### [Work order]
Take the line with "CNIM industrial site in La Seyne-sur-Mer" as the first and the last line of the data as the end. Write out both and every line between exactly, except pictures.

### [The data]
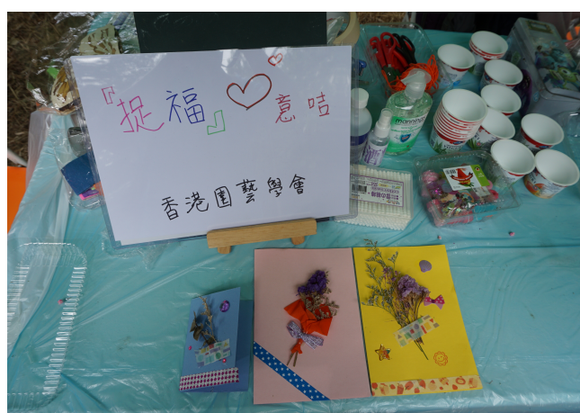
心意咭! Best Wishes!
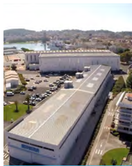
CNIM industrial site in La Seyne-sur-Mer
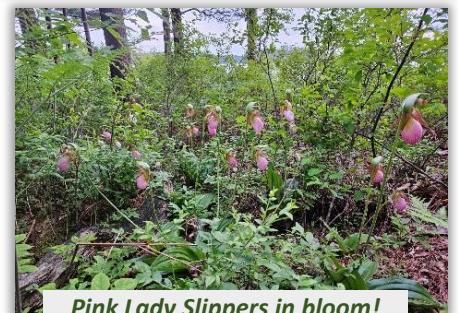
Pink Lady Slippers in bloom!

### [Output below]
CNIM industrial site in La Seyne-sur-Mer
Pink Lady Slippers in bloom!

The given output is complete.